Fig. 6 |. Molecular basis for the control of IDA motor activity by mechanical signals.

a, Conformational dynamics of isolated radial spoke 1 (RS1) inferred from deep neural networks. Left, Principle component (PC) analysis projection of latent space. Density maps were generated at three points along PC1. Right, Density maps generated from these 3 points were aligned on the stalk and show tilting of the spokehead relative to the stalk. The hinge lies in the neck. b, Multi-body analysis of the movement of the RS2 stalk and IDAc with respect to the doublet microtubule (DMT) surface. The DMT, RS2, and IDAc were separately masked and treated as individual bodies free to move relative to one another. Movement of IDAc corresponds with the movement of the RS2 stalk. c, A model for mechanoregulation of ciliary motility. As the axoneme bends, the projections of the central pair (CP) are brought closer to the spokeheads.
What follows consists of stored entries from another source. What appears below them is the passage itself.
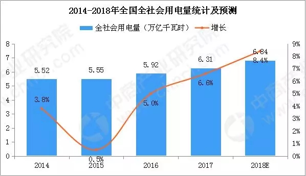 据初步统计数据显示,2018年全国日均发电量为184.68亿千瓦时,同比增长8.52%。其中,全社会用电量同比增速预计也将在8%以上,两者均有望创七年以来新高。
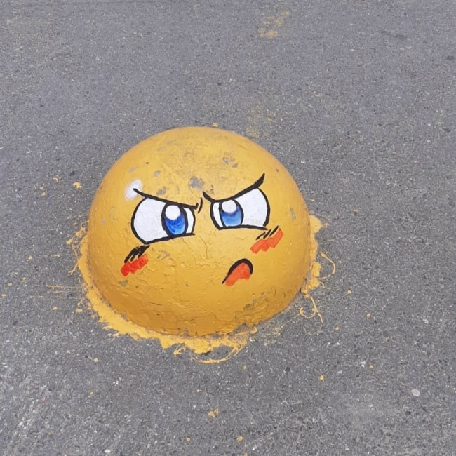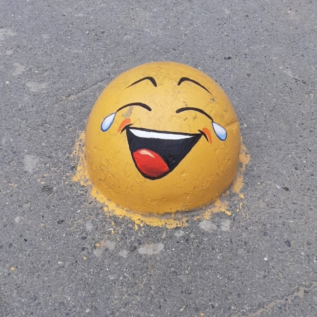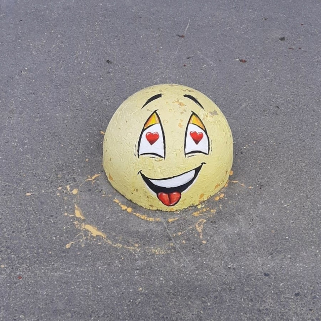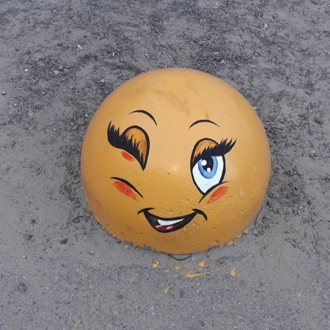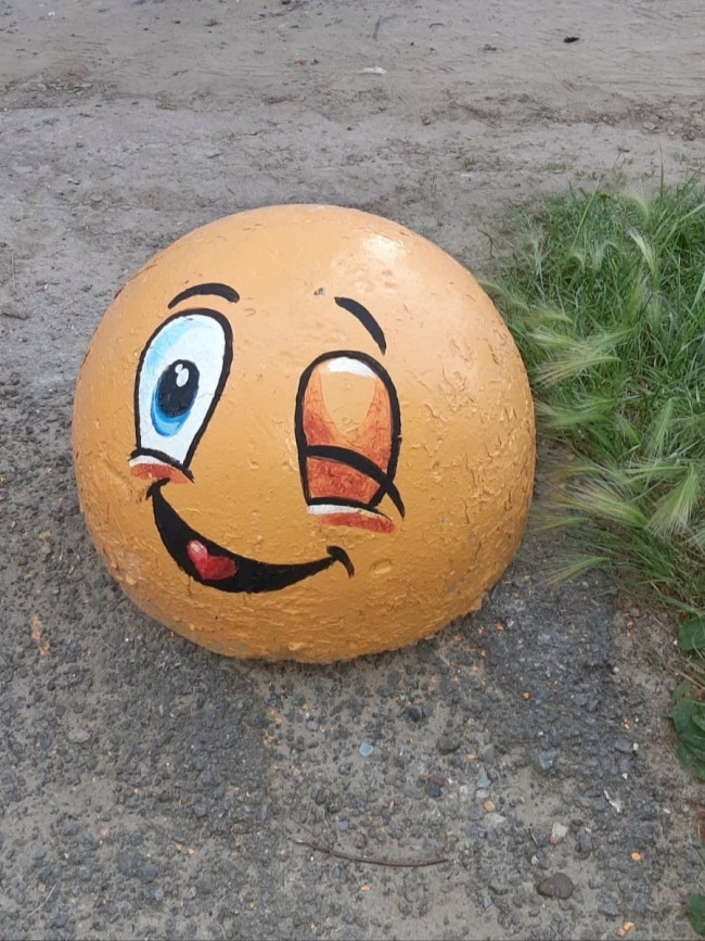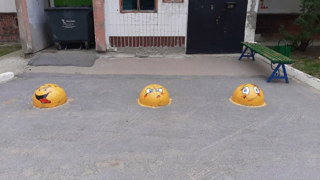 Мы превратили полусферы, установленные перед подъездами наших домов, вот в такие смайлики . Как вам идея?
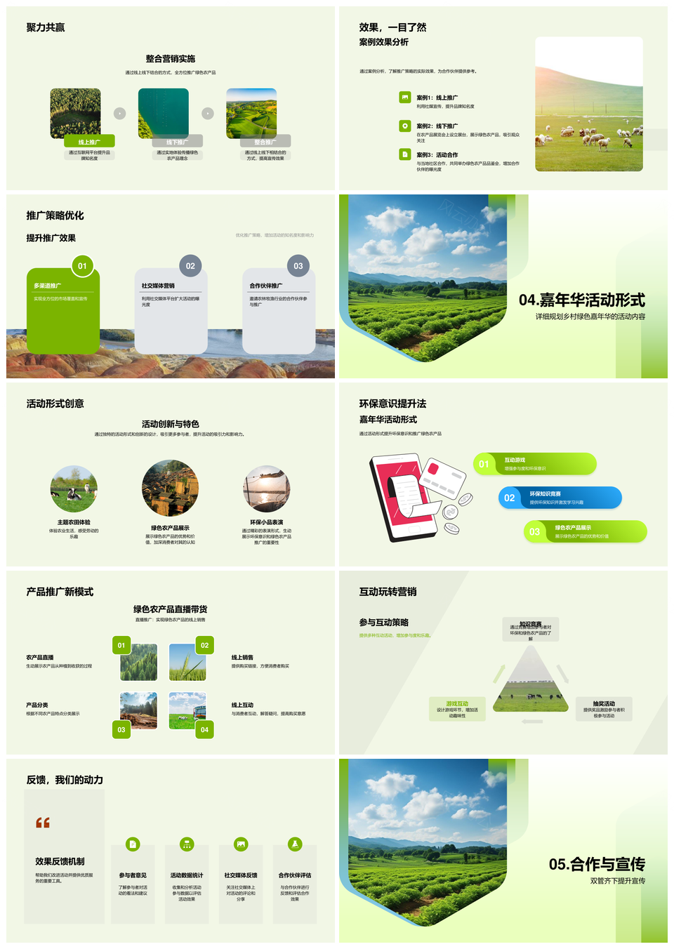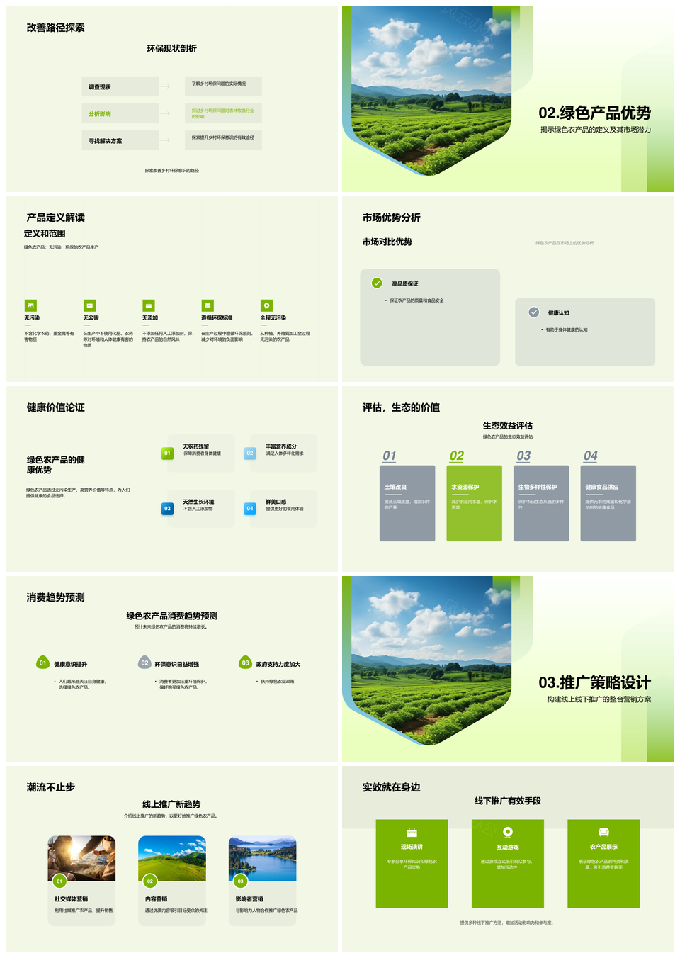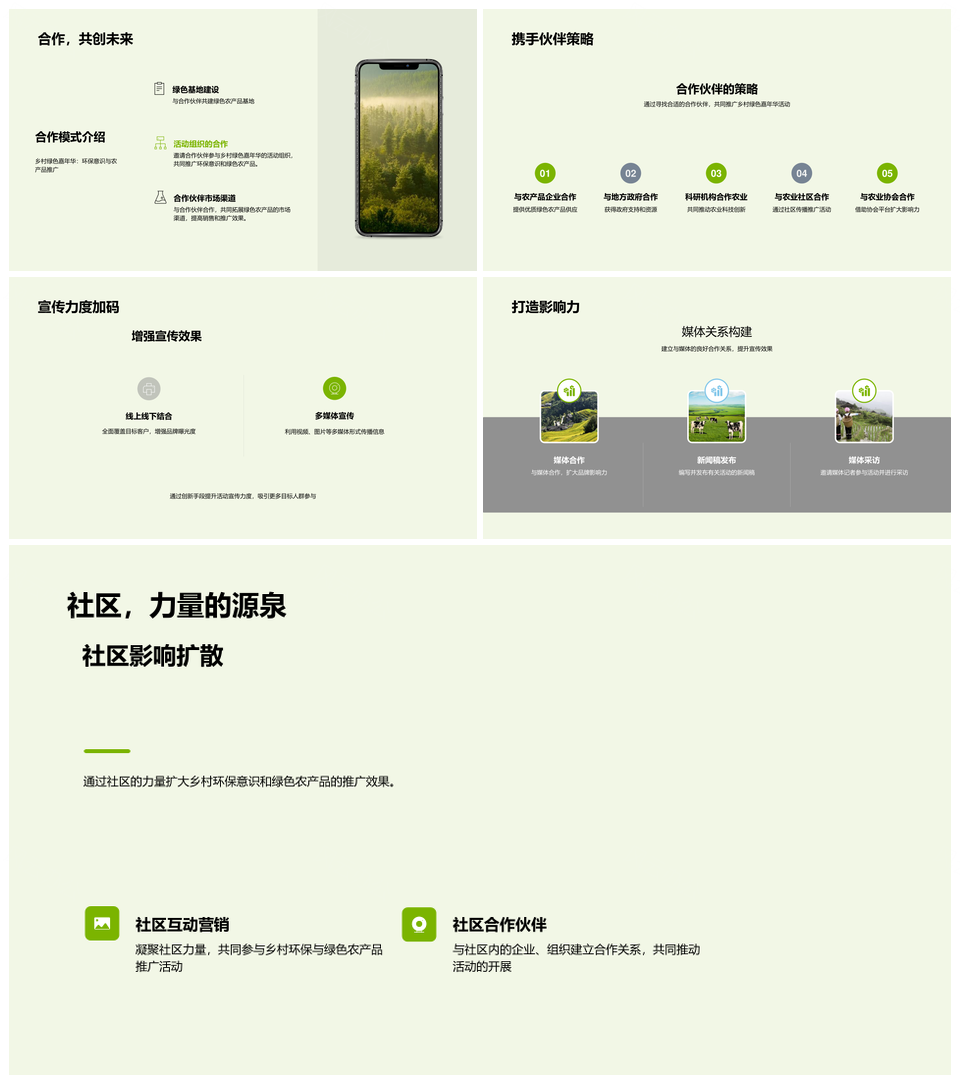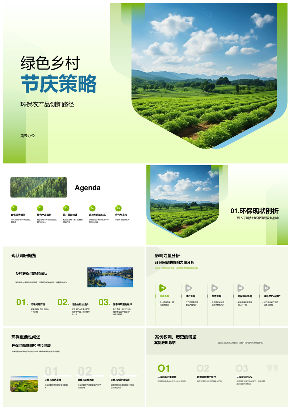 风云办公提供的绿色乡村节庆农产推广合作策略PPT模板,下载格式为pptx,一共33页,作品中文字及图均可以修改和编辑,图片更改请在作品中右键图片并更换,文字修改请直接点击文字进行修改。
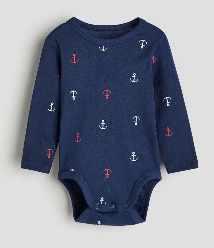 Боди с длинным рукавом из сверхмягкого хлопкового трикотажа от бренда H&M. Состав: 100% органический хлопок. Цена за 1шт. Является синий с воротником и зеленый дино размер 6-9м. Синий в якорь 9-12мес.
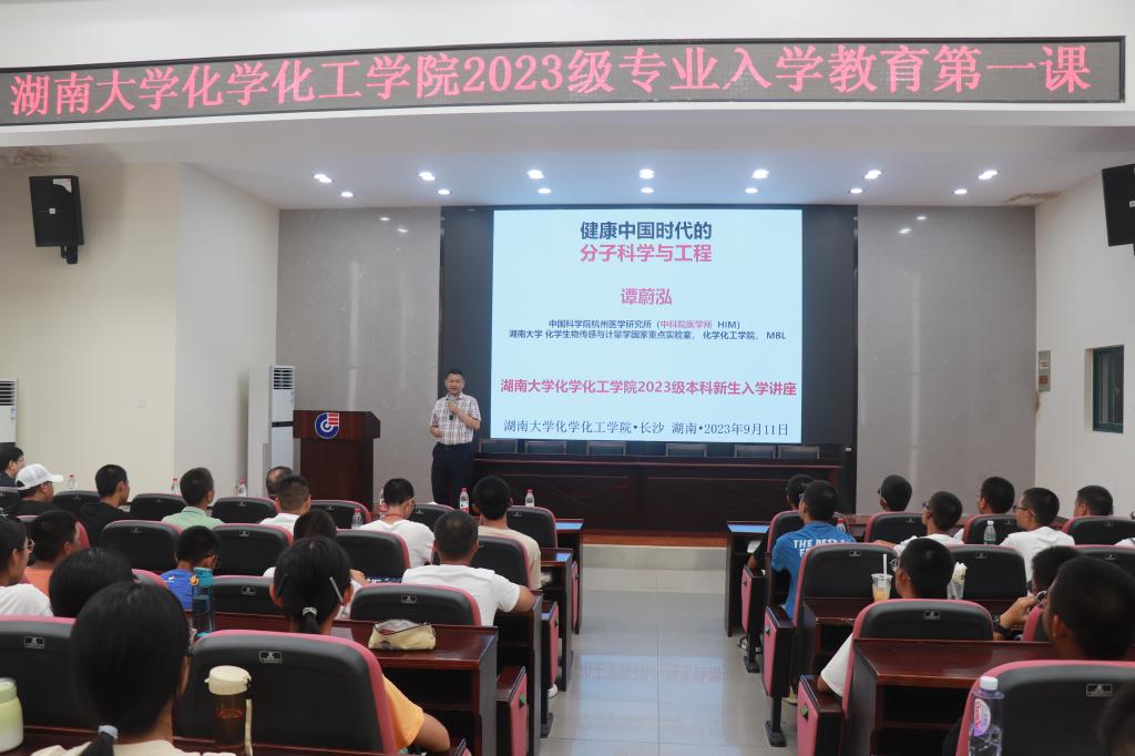 院士谭蔚泓作“健康中国时代的分子科学与工程”主题讲座。院长张晓兵出席,院党委副书记李洪玉主持,250余名2023级本科新生参加入学教育第一课。
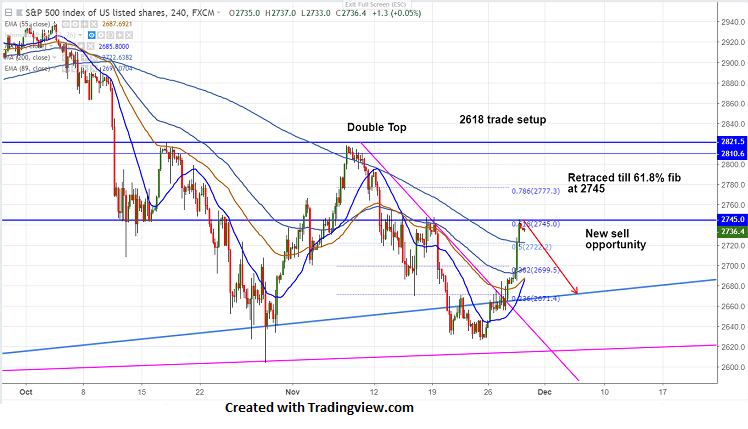 S&P500 has shown a massive jump yesterday of more than 2% almost 60 points form low of 2681 level. The index hits high of 2745 and shown a minor decline.It is currently trading around 2735.40.
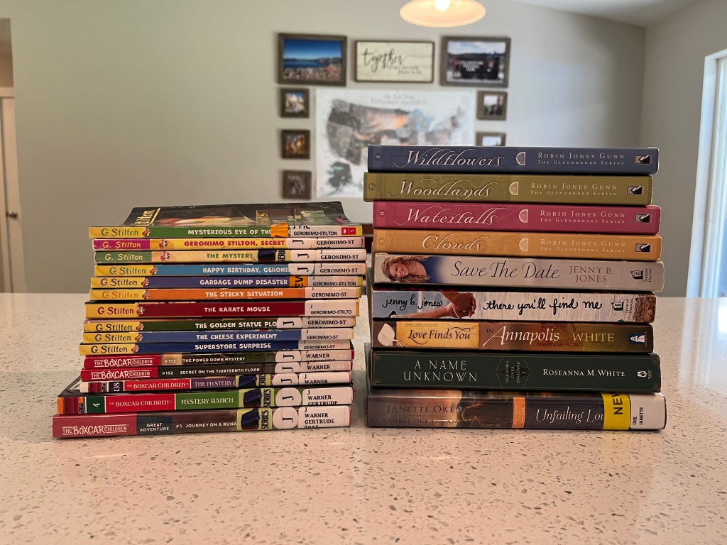 Owen and Amy’s July reads: Owen has been reading quite a bit during this quiet time at home. I took this picture on Wednesday and he has already added 2 more books to this stack. You can add 9 books to my stack on the right. 7 eBooks and 2 more books that I finished after taking this photo.
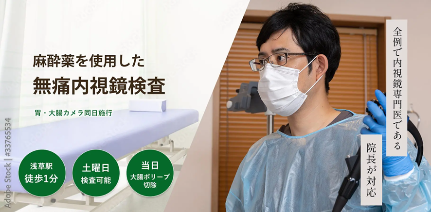 当院の大腸カメラは鎮静剤を使用して行うため、患者様の苦痛を大幅に軽減することが可能です。内視鏡専門医である院長が責任を持って担当し、大腸ポリープがあれば当日切除も可能です。当院の苦痛の少ない大腸カメラ検査や検査の値段の詳細はこちらを参照してください。
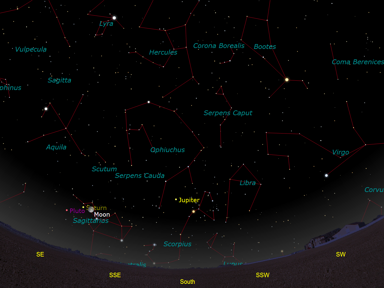 The two most massive planets of the solar system, Jupiter and Saturn, are now easily visible in the south (Jupiter) and southeast (Saturn) by 11 p.m. The only problem is that they are very low in the sky, positioned where the sun is near the winter solstice, so relatively good horizons are necessary if you want to observe them. However, outside of the presence of the moon in the sky, Jupiter reigns supreme in brightness, allowing it to be seen easily if buildings or trees are not hiding it. Recently, the media hyped incorrectly the “ease” of seeing with binoculars the four brightest satellites of Jupiter’s 79 moons, and indeed, at least two of them, Ganymede and Callisto, can be observed this way. They are the two outer moons of the four discovered by Galileo in 1609-10 and as a group are called the Galilean satellites. Ganymede is just a little larger than the planet Mercury while Callisto is just a little smaller. They are distinct worlds onto themselves. The problems with seeing these satellites through binoculars are the differences in brightness between Jupiter and its Galilean satellites, their closeness to Jove, obtaining a precise focus for each eye, and most importantly, holding the binoculars steady. Ideally, these satellites need to be at their greatest angular distances from Jupiter. See the box below. If you want to include the other two moons discovered by Galileo, Io and Europa, which are about the size of our moon, you’ll need a small telescope, but virtually any telescope will do. Spotting scopes will work too. Your longest focal length eyepiece, the one with the biggest number, will easily suffice and make it simpler to find the planet because the telescope’s magnification will be at its lowest and its field of view at its greatest. The extra steadiness that even a rickety tripod will create will hold Jupiter secure enough to see its four moons if they are positioned correctly. July 9th is an especially good evening to try your luck in viewing the four Galilean satellites with a small scope. On almost all clear evenings you will see at least three of the four satellites. If you’ve got the scope outside and working, you should also turn it to Saturn. Fainter than Jupiter, but still bright compared to the other stars, lower in the sky and to Jove’s left by about 30 degrees, a small telescope or spotting scope will have absolutely no problem in discerning Saturn’s beautiful rings which are currently tilted back by nearly their greatest amount. If you see a faint starlike object close to Saturn, it will probably be Titan, Saturn’s largest moon. The next few years will be good for watching the God of the Harvest, but gradually our view of Saturn will shift into the ring plane. The exceedingly thin debris field of frozen ice particles will become invisible from Earth, even through large professional telescopes. Next year at this time, Jupiter and Saturn will be only six degrees apart, while Jupiter will be a mere one degree, two lunar diameters, from Pluto. View Jupiter and Saturn now while the weather is still warm and balmy. You won’t regret taking the time to set up your scope and make these observations.
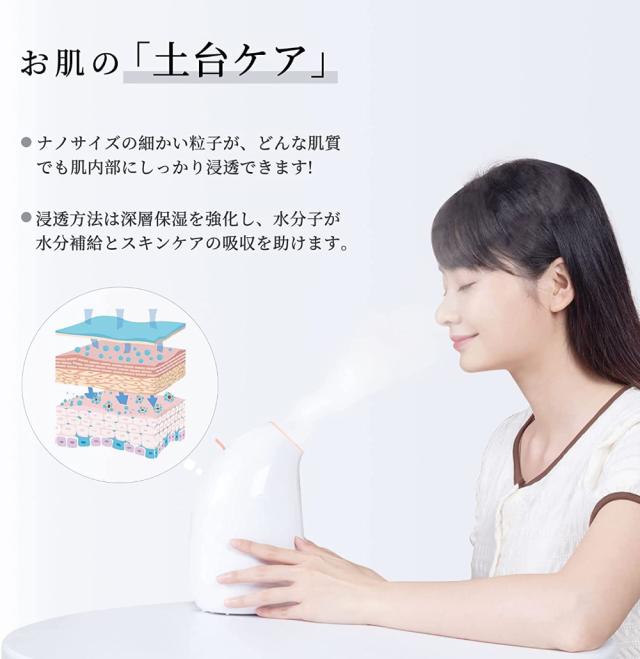 【深層補水】一年中に不可欠なスキンケアステップは保湿です。スチーマーはナノ超微粒子化技術を採用で、微細な粒子を噴出するナノ水分子で、肌への浸透力が20倍以上アップさせます。どんな肌質でも肌内部にしっかり浸透できます。美容に最適な40度の湯気で、まるで温泉の湯気のように肌に優しくうるおいを与えます。
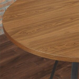 The table’s base is constructed of strong metal while the tabletop is made from engineered wood and oak veneers. This piece comes in a golden oak and slate gray metal finish. With its clean lines and minimalist design, this circular pub table is a must-have for any contemporary home.
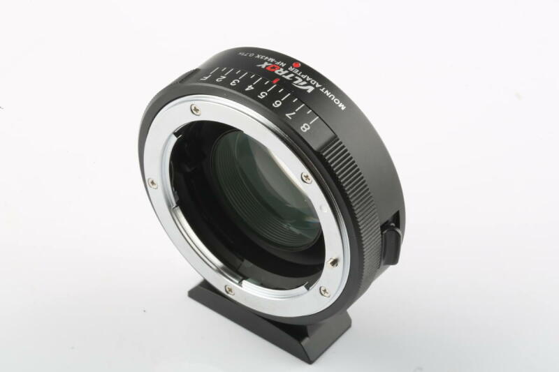 A Viltrox NF-M43X lehetővé teszi a Nikon F bajonettes lencsék használatát Micro4/3 bajonettes fényképezőgépeken manuális fókusz használatával. Kézi beállítással 8 lépésben állítható a rekesz nyílása. 1/4" csavarmenetes az állványra való rögzítéshez.
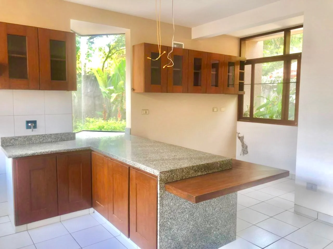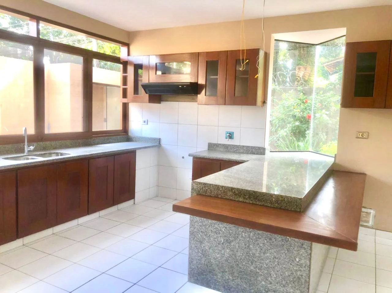 * cocina amoblada con muebles de madera altos y bajos, campana estractora de aire.
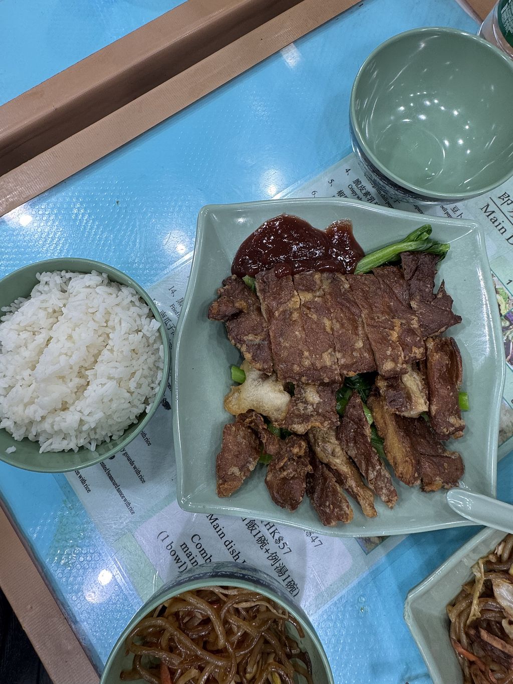 Super tasty food and really welcoming personal. The place is small and atmospheric, feels really authentic to Hong Kong. For 55HKD you are getting a main dish rice soup. Today I ate here twice and the food was so delicious! Yummy! Definitely coming back and bringing my friends😄
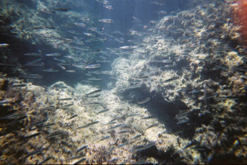 Ale przypłynęliśmy tu głównie po to, żeby ponurkować. Podejrzewamy, że "życie podwodne" jest tu bogatsze niż w zatoce. Nie mylimy się! Zanurzamy głowy pod wodę i jesteśmy oczarowani
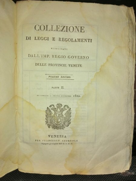 Collezione di leggi, e regolamenti pubblicati dall'Imp. Regio Governo delle Provincie Venete.Volume decimo. Parte II. Da luglio a dicembre 1822.
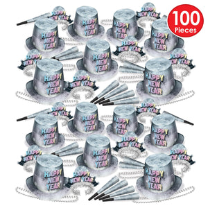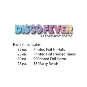 Get ready to celebrate in style with the Disco Fever New Year's Eve Party Kit for 50 People from BulkPartySupplies.com! This kit includes everything you need to throw a festive and unforgettable New Year's Eve party, featuring printed foil hi-hats, fringed tiaras, foil horns, and party bead necklaces. With fast shipping from our Pennsylvania warehouse, you can have your supplies in time to kick off the New Year in style. Make your celebration one to remember with the Disco Fever Party Kit!

An increase in the electrostatic force with decreasing distance causes the radial spoke to tilt at two hinge points (indicated with black circles). As the movement of IDAc is coupled to the movement of RS2, tilting of the radial spoke changes the orientation of the IDA. IDAa may likewise be coupled to the movement of RS1. Signals may propagate from RS2 to N-DRC through FAP91 and the CCDC39/40 coiled coil and from the N-DRC to the ODAs via the outer–inner dynein linkers²⁶.